Jeremy and Janice watched them go, Jeremy laughing to himself.
‘He won’t get much change out of that one’ he muttered. Janine looked at him in astonishment.
‘What do you mean?, she said,’ She’s so beautiful.’
‘And you are so naive’ he looked at her, ‘and a joy to behold.’
Janine kissed him prettily on the cheek.
‘Thank you, Uncle,’ she said,’ Where are you taking me?’
‘Somewhere extremely private, where we can talk unobserved by the madding throng.’ he said.

Janine 4
In the taxi Janine chattered excitedly about her meeting with George Lester and the ravishing Laura.
‘It was really interesting to meet him. He’s one of the new boys, you know. He went to Oxford’
‘Big fucking deal’ replied Jeremy inelegantly.
‘Did you go to University?’ asked Janine.
‘No, my education was cut short@, he replied, ‘National Service’
‘What’s that?’
‘I was a soldier for two years – after the war when I was eighteen. Then I went to RADA..’
The taxi drew up outside a tiny discreet restaurant on the outskirts of Chelsea.
The waiter put them in a corner tale tucked away out of sight.
‘You don’t mind not being looked at by the rest of the customers I hope.’
‘Of course not,’ said Janine, ‘It must be awful people recognising you all the time.’
Jeremy shrugged.
‘It’s really nice of you to take me out,’ said Janine as she tucked her long legs under the tale, ‘Won’t your wife mind?’
‘She’s away at the moment in Cambridge, with my son. He wanted to show her around. I was going with her, but had to see my agent.’
‘And she doesn’t mind you picking up stray girls and taking them to posh restaurants?’
He felt a small qualm in the pit of his stomach and quickly suppressed it.
‘I wasn’t actually planning on telling her. But – no I don’t think she’d mind.’
‘I expect she’s a really nice person. She must be.’
‘To put up with me? Yes, she is – very special indeed. A lovely wife and a wonderful mother.’
‘Not much like my Mother,’ said Janine with a laugh, ‘nobody’s like my mother.’
‘She sounds so interesting. Tell me more about her.’
Janine shook her head.
‘I wouldn’t know where to start.’
The waiter arrived. Janine left the ordering to Jeremy. H ordered mushrooms a la Greque, the speciality of the house and a simple steak Diane for both of them.
‘I just love dining in posh restaurants,’ said Janine looking around her, ‘I spent so much time as a kid eating leftovers from the kitchens where my mother worked. It’s so nice to see them from the customers’ side. It’s all so clean and tidy.

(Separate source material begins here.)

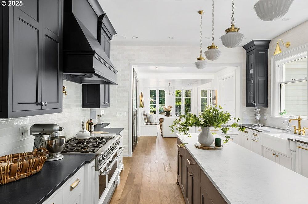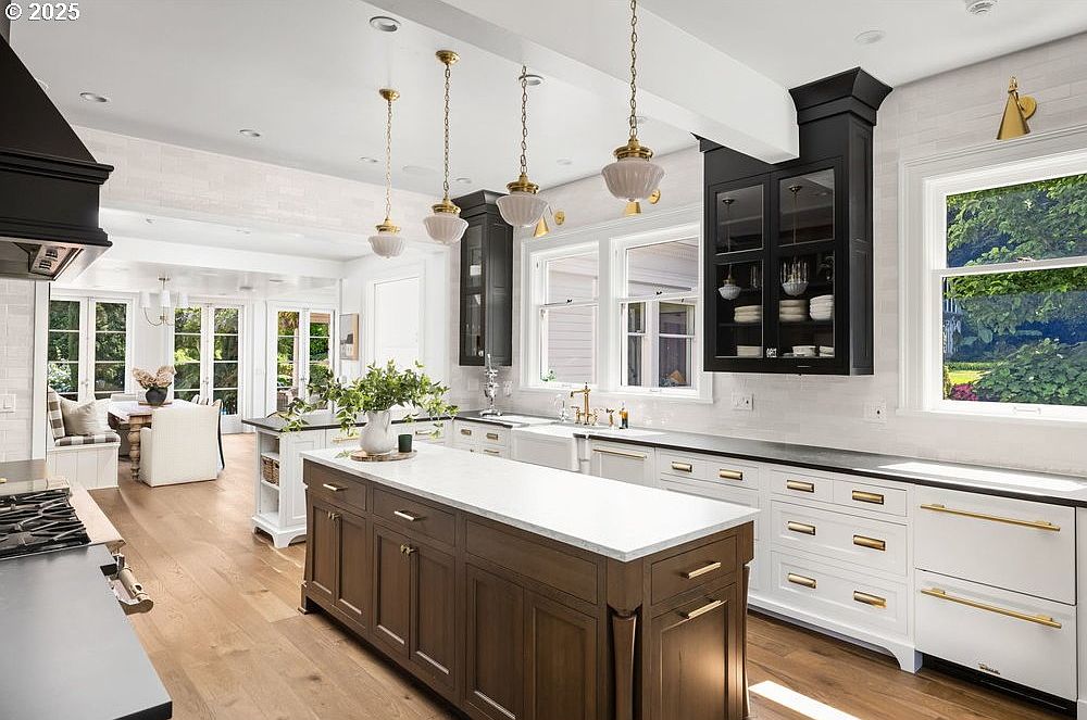 A spacious, light-filled kitchen blends classic sophistication with modern functionality, highlighted by a large central island that offers ample space for family gatherings and meal prep. Sleek black cabinetry contrasts with crisp white countertops and backsplash, while brushed gold fixtures and pendant lighting add a touch of elegance. Warm wood flooring ties together the contemporary and traditional elements, making the space inviting for both adults and children. Generous cabinetry maximizes storage, and the open layout provides easy access to the adjacent living area, promoting a seamless flow that is perfect for entertaining and daily family life.

You should see the kitchens – Ugh, and the food was always a bit crumpled and mixed up by the time it got to us.’
‘Why did your mother work in restaurants?’
‘Oh she worked everywhere – factories, shops, kitchens, garages.’
‘And your father?’
Janine gave a little squeal as the waiter brought their first course.
‘Gosh just look at those big fat mushrooms – and the garlic – I love garlic, don’t you?’
‘Yes, I’m fond of garlic.’
‘You can’t just be fond of garlic. Either you love it or you hate it. There’s no inbetween.’ and she attacked them with relish.
‘Your father?’ prompted Jeremy.
‘Oh him. He pissed off – disappeared when we were four years old. That’s me and my brother – Jake.’
‘Your twin?’
‘Yup, He was a real loser, my dad. He just went – no message, not so much as a kiss my arse.’
‘Another woman?’
‘No one ever knew. As I said, he just went. Of course, he was a compulsive gambler. Left Mum in a whole lot of debt.’
‘How did she pay it back?’
Janine looked at him open-mouthed.
‘Pay it back? No, she just packed up everything. Including her kids me and Jake and sailed for America.’
‘Where she made her way gambling too?’
Janine laughed scornfully
‘You gotta be joking. Gambling’s a mug’s game. Mum played poker, yes, but only to win money. Dad was a dumb gambler – he bet on horses, dogs, the stock market. He was an idiot. But poker isn’t gambling. It’s scientific.’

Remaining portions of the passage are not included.